▶ [Work task]: Omitting all images, set down every line below exactly as it appears.

▶ [Data excerpt]:
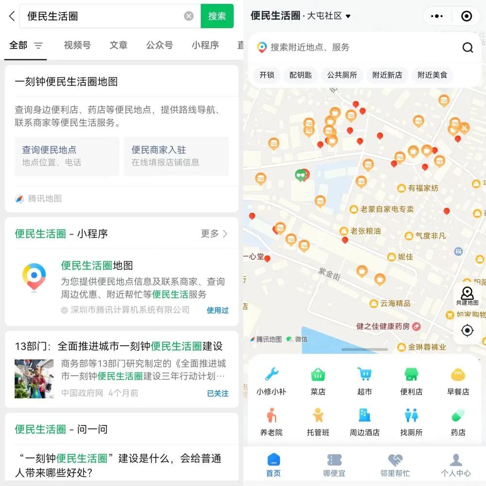 用户通过微信小程序或者腾讯地图App搜索“便民生活圈”即可进入,并且支持用户搜索“小修小补”“菜店”“大型超市”“便利店”“早餐店”等不同的便民门类,进入相应主题地图;地图还涵盖了“哪便宜”“邻里帮忙”两大功能,前者可提供周边商超美食、娱乐休闲优惠信息,后者基于腾讯地图位置服务能力,为有临时、紧急需求的市民提供线上互助社区。便民地图同时新增多项商户权益,比如商家入驻地图后可开通微信客服,方便附近居民直接联系店主。
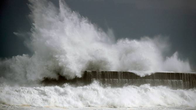 Sóng lớn xuất hiện tại cảng cá Kochi, miền tây nam Nhật Bản khi cơn bão Krosa đang bắt đầu đổ bộ vào khu vực này. Nguồn: CNA
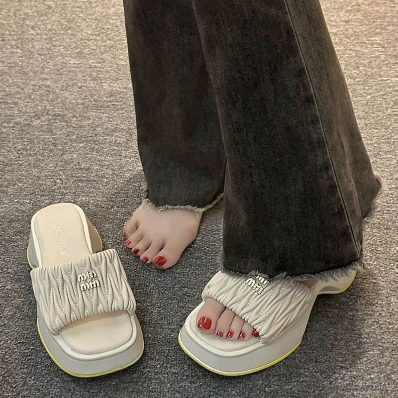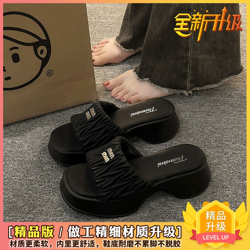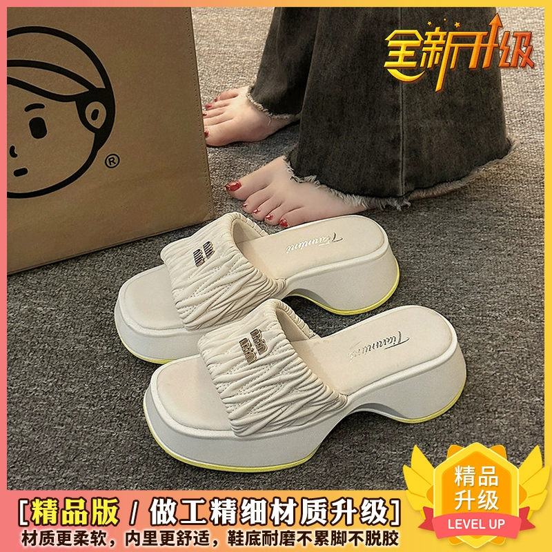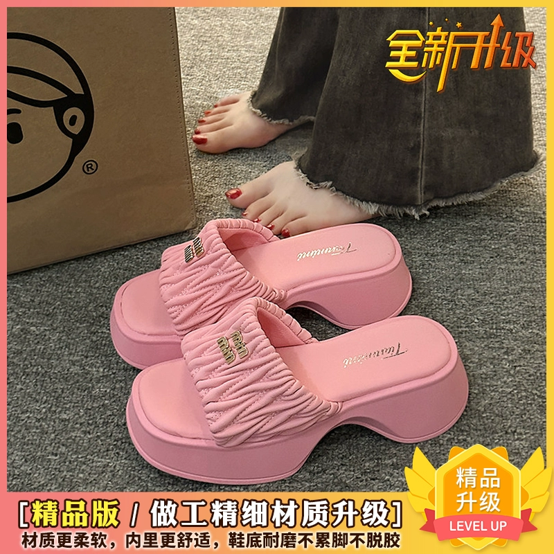| nameOriginal | Small fragrant style Barbie pink slippers for women to wear in summer 2024 new style high-end thick-soled increase super hot beach sandals |

▶ [Task solution]:
 用户通过微信小程序或者腾讯地图App搜索“便民生活圈”即可进入,并且支持用户搜索“小修小补”“菜店”“大型超市”“便利店”“早餐店”等不同的便民门类,进入相应主题地图;地图还涵盖了“哪便宜”“邻里帮忙”两大功能,前者可提供周边商超美食、娱乐休闲优惠信息,后者基于腾讯地图位置服务能力,为有临时、紧急需求的市民提供线上互助社区。便民地图同时新增多项商户权益,比如商家入驻地图后可开通微信客服,方便附近居民直接联系店主。
 Sóng lớn xuất hiện tại cảng cá Kochi, miền tây nam Nhật Bản khi cơn bão Krosa đang bắt đầu đổ bộ vào khu vực này. Nguồn: CNA
| nameOriginal | Small fragrant style Barbie pink slippers for women to wear in summer 2024 new style high-end thick-soled increase super hot beach sandals |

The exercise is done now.